Related to:
Opinion

Opinion Opinion 92-5

Date: 08/04/1992
Organization: Massachusetts Supreme Judicial Court

Ethical Opinions for Clerks of the Courts

Additional, more detailed, discussion on issues raised in #92-4.

Dear Clerk:

The Committee acknowledges receipt of your letter of June 3, 1992, requesting that the Committee review your previous April 13, 1992 request for advice and the Committee's response of May 27, 1992 in light of an Informal Opinion received by you from the State Ethics Commission. The Committee considered your request at its last meeting. After review of your letters and of the Informal Opinion which you enclosed, it continues to be the Committee's opinion that involvement by you, a Assistant Clerk-Magistrate, in the business of a private court system would be the sort of business and/or financial activity prohibited by Canons 4(c) and 5(c)(1) of the Code of Professional Responsibility for Clerks of Court.

The Canons are designed to operate prophylactically. The Rules do not await an actual impropriety nor do they depend upon recusal to solve conflicts where the situation is one which "might reasonably create" them. A determination that they apply does not presume any lack of integrity by the Clerk.
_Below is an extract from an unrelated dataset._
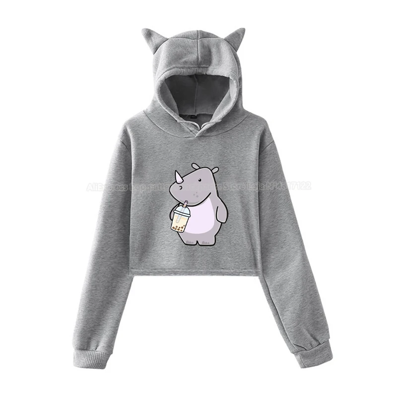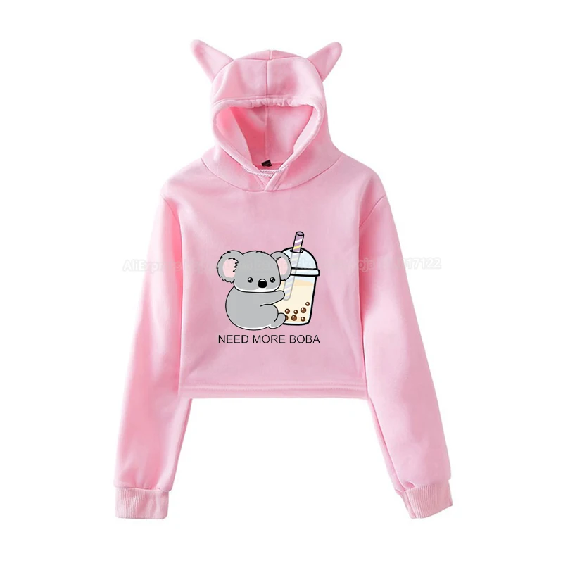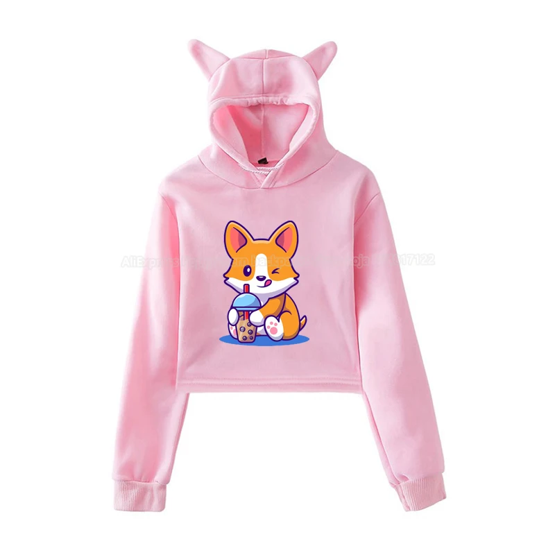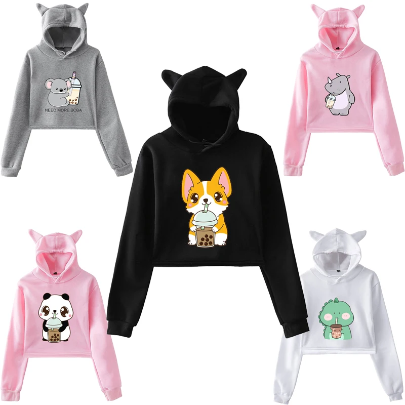 Модные розовые толстовки с кошачьими ушками с животными Boba, женские укороченные пуловеры с кошачьими ушками, Женский мультяшный свитшот, уличная одежда в стиле хип-хоп для девушек

Since lawyers and parties to disputes which may already be pending in the court system or could become pending would be the primary clients and sources of business for the private court system, a Clerk-Magistrate's identification with a private, profit-making court system raises numerous concerns. Whether or not the Clerk solicits business from those before the court, attorneys who know of the association might attempt to gain favor through the placement of business. Ties to a private court system could inhibit a Clerk from recommending alternative dispute resolution in a matter for which he might otherwise deem it appropriate. Certainly, the business would involve the Clerk in transactions with lawyers and other persons "likely to come before the Court," in the terms of Canon 5(c)(1).
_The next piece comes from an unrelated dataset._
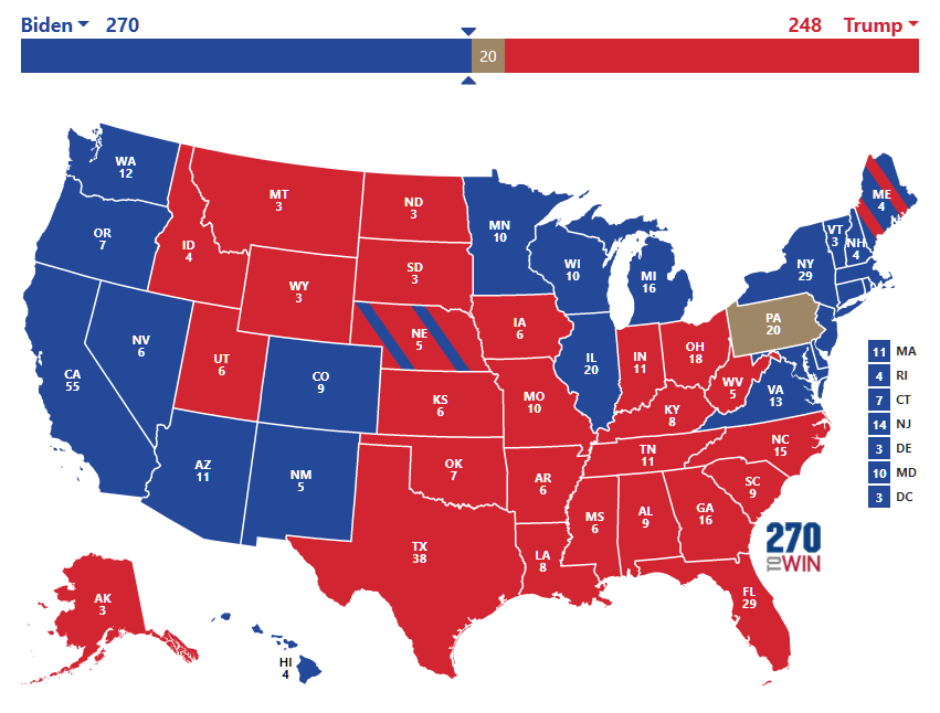 Если у байдена 270 останется, то остаётся только надеяться, что какой-нибудь выборщик в Аризоне нахуй пошлет байдена и не вкинет свой голос

The Code to which Clerk-Magistrates must conform is somewhat broader in terms of protection of the integrity of the office and also more specific to the role of the Clerk-Magistrate than the provisions of G. L. c. 268A, which were the subject of the Informal Opinion and which it is not for us to interpret. It remains the Committee's opinion that business dealings or interests in a private, profit-making court system by a Clerk-Magistrate would be prohibited by the Code.